┌────────
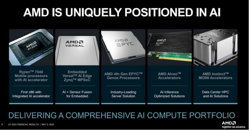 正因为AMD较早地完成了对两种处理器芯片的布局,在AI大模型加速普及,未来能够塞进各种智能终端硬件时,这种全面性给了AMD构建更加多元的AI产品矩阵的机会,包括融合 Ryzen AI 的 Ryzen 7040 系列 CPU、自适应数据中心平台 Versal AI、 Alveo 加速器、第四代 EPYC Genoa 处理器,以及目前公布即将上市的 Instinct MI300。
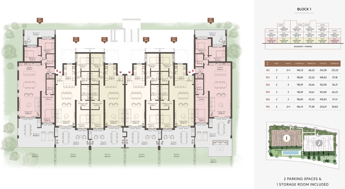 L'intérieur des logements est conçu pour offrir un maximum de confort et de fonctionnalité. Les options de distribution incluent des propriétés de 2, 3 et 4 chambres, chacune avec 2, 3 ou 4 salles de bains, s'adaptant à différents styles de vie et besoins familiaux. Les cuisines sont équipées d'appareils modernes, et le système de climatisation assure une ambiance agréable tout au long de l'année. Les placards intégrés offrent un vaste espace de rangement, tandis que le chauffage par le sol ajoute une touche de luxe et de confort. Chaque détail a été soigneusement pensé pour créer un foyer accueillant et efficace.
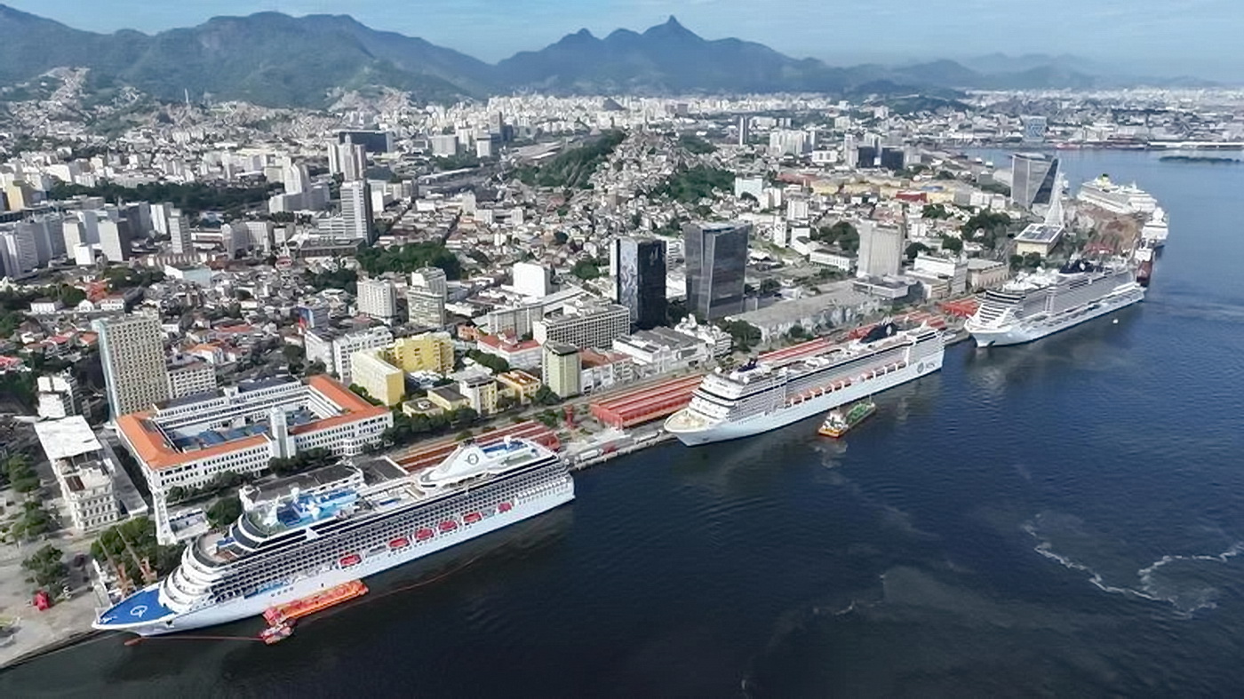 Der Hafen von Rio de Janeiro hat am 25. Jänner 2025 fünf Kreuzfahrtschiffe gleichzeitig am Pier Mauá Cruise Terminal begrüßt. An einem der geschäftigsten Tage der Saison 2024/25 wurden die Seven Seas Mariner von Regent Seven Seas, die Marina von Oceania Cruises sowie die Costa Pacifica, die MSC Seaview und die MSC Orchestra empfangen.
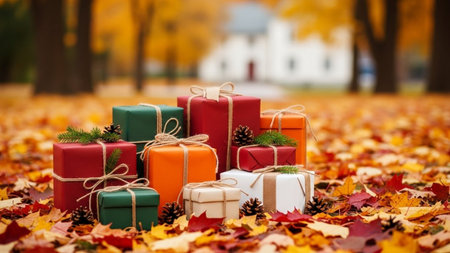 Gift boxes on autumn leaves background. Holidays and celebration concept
└────────
┌────────
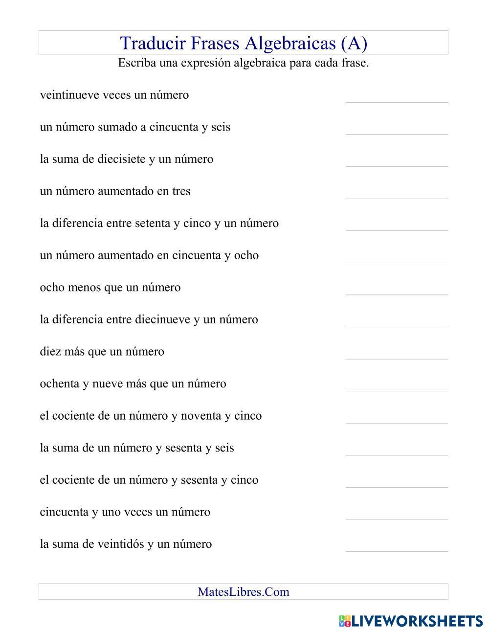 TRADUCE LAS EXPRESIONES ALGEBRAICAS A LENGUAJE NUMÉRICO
└────────
Exercise »
Would you output the lines above from the line holding "处理器,以及目前公布即将上市的 Instinct MI300。" up to and including the line holding "L'intérieur des logements", exactly and only those, with no pictures?

Solution to the problem »
 正因为AMD较早地完成了对两种处理器芯片的布局,在AI大模型加速普及,未来能够塞进各种智能终端硬件时,这种全面性给了AMD构建更加多元的AI产品矩阵的机会,包括融合 Ryzen AI 的 Ryzen 7040 系列 CPU、自适应数据中心平台 Versal AI、 Alveo 加速器、第四代 EPYC Genoa 处理器,以及目前公布即将上市的 Instinct MI300。
 L'intérieur des logements est conçu pour offrir un maximum de confort et de fonctionnalité. Les options de distribution incluent des propriétés de 2, 3 et 4 chambres, chacune avec 2, 3 ou 4 salles de bains, s'adaptant à différents styles de vie et besoins familiaux. Les cuisines sont équipées d'appareils modernes, et le système de climatisation assure une ambiance agréable tout au long de l'année. Les placards intégrés offrent un vaste espace de rangement, tandis que le chauffage par le sol ajoute une touche de luxe et de confort. Chaque détail a été soigneusement pensé pour créer un foyer accueillant et efficace.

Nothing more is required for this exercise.